The injury itself had been good, as far as football injuries go. He hadn’t torn his ACL in the collision, there were no bone fractures, and his PCL suffered only minor damage. He didn’t need surgery, instead focusing on restoring the range of motion in his kneecap through a series of mind-numbing, repetitive stretches. He needed to re-learn how to bend. He used muscle stimulators and recovery machines, day after day, inch after inch, workout after workout. And while he hoped to return, he didn’t know for sure that he could until the doctors allowed, of all things, a return to the golf course.

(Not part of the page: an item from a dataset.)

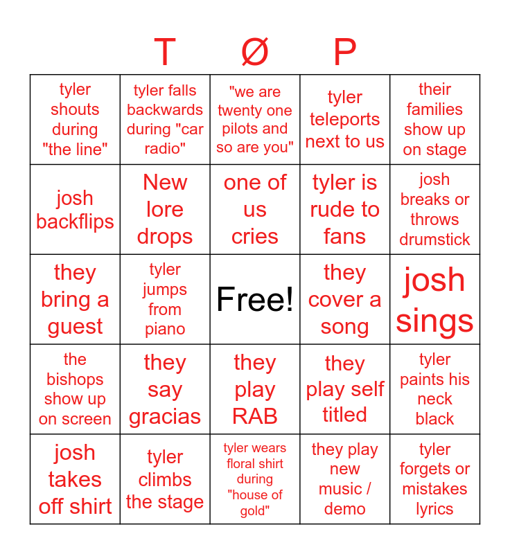 This bingo card has a free space and 24 words: they say gracias, tyler climbs the stage, one of us cries, josh takes off shirt, their families show up on stage, tyler shouts during "the line", josh backflips, tyler falls backwards during "car radio", they cover a song, they play RAB, tyler is rude to fans, they bring a guest, they play self titled, tyler paints his neck black, New lore drops, they play new music / demo, josh sings, "we are twenty one pilots and so are you", josh breaks or throws drumstick, tyler jumps from piano, tyler forgets or mistakes lyrics, the bishops show up on screen, tyler teleports next to us and tyler wears floral shirt during "house of gold".

Big Whit is a big golfer. He calls his perfect non-family day The Trifecta, and by that, he means that he’s at any course so long he eats all three meals there. He started with a little chipping and a little putting and graduated to full swings while wearing a knee brace. He started to feel like an athlete again, rather than a man who bent one knee for a living. And the more he swung, the more he thought, considering his future and how much football meant to him.

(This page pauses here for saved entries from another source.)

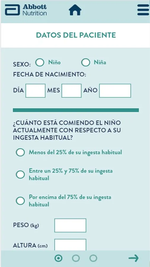 *STAMP (Screening Tool for the Assessment of Malnutrition in Paediatrics) es una herramienta de cribado nutricional validada para el uso en niños hospitalizados entre los 2-16 años.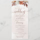 Cartes de programme de mariage de style bohème moderne avec des fleurs d'aquarelle et des feuilles de chute dans les tons de terre comme rouille brun, orange brûlé et terre cuite. Un choix parfait pour les mariages d'automne.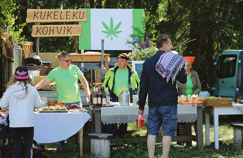 Laadu kõrraldaja Täpsi Aivar uma müügitelgi all kauplõman. Rahmani Jani pilt

By then, he needed only to strengthen the injured knee as he eyed a 2021 return. Once the Rams made the playoffs, he believed his career had been extended. His orthopedic surgeon told him, “This is really fast.” But once Whitworth passed every functional movement test, any lingering concerns were alleviated.

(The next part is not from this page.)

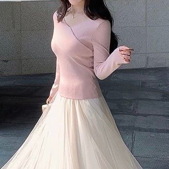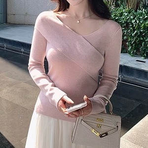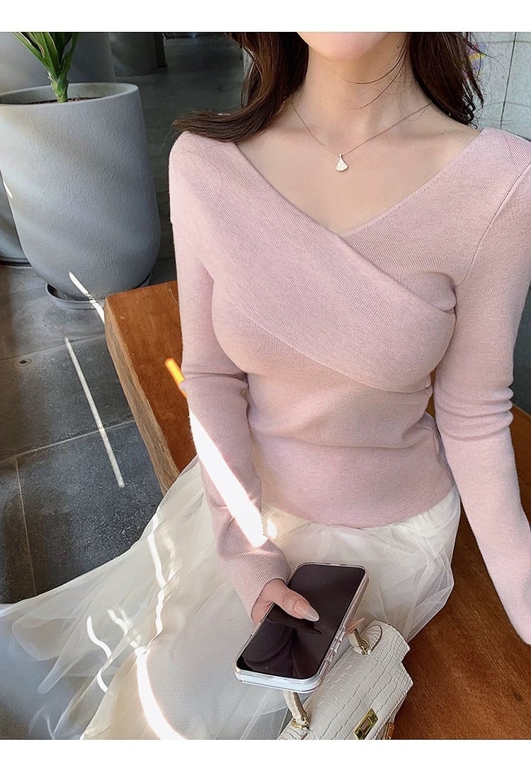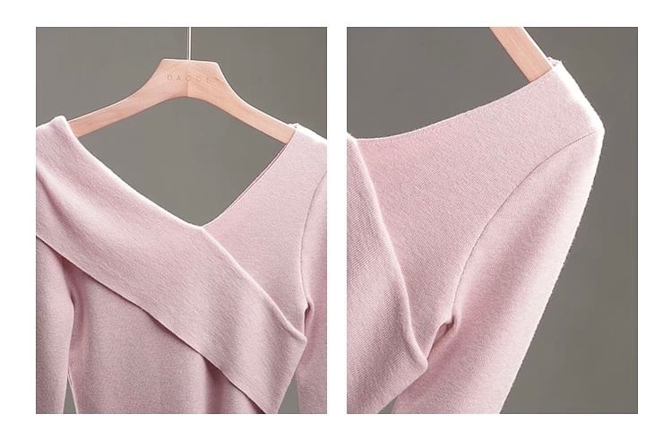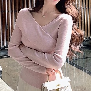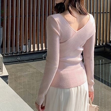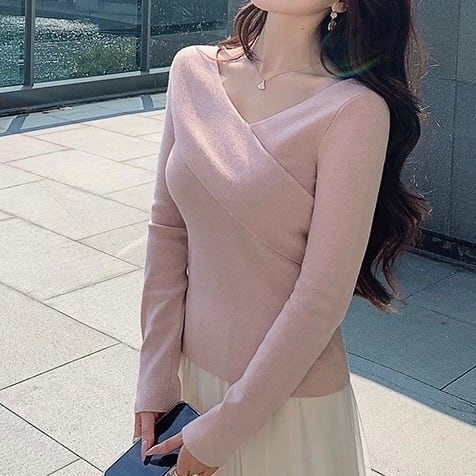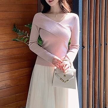 胸元の重なりが、上半身を立体的に見せてくれるデザイン。

In fact, when Whitworth called on Tuesday, his oldest daughter, Sarah, was riding with him. They had just finished discussing how nervous she was over his return. She didn’t want him to get hurt again. Dad told daughter that he had chosen the physical risks of football, that he had done all he could to overcome his injury and that he had made a commitment to his team. He left out how much he simply loves the game, how close he knows he is to the end. “That’s really good, Dad,” Sarah responded.
Back in the fall, Big Whit said multiple times that he expected this to be his final season, although he laughed about how he had been saying that for years. He’ll need to add to the just-kidding tally, it seems, however the playoffs shake out. The more time he spent away from the Rams, the more Whitworth realized how much he loved his daily existence—his team, goofing with Goff, the O-line room, the culture, his little-bro-head-coach Sean McVay. Usually reporters ask Big Whit if he plans to retire. This time, he asked himself, noting how well he had played earlier this season, when Pro Football Focus rated him one of the league’s top lineman. The answer his heart returned registered at least as mildly surprising: he didn’t want to step away.
Now, on the eve of another playoff game, against a hated rival, on the road—the exact type of game that keeps an old man like Big Whit returning, year after year—he says, “I’m pretty jacked up to come back, that’s for sure,” and “I don’t see any reason why I wouldn’t [return] next season.”
Well, perhaps there’s one. For all the snaps, all the games and all the seasons, Big Whit has done most anything an NFL player can do but one: win the Super Bowl. Imagine that. The 15th year. The promise. The gruesome injury. The rehab. The comeback. All that’s missing is the ending, one that Big Whit, gratefully, gets another chance to shape.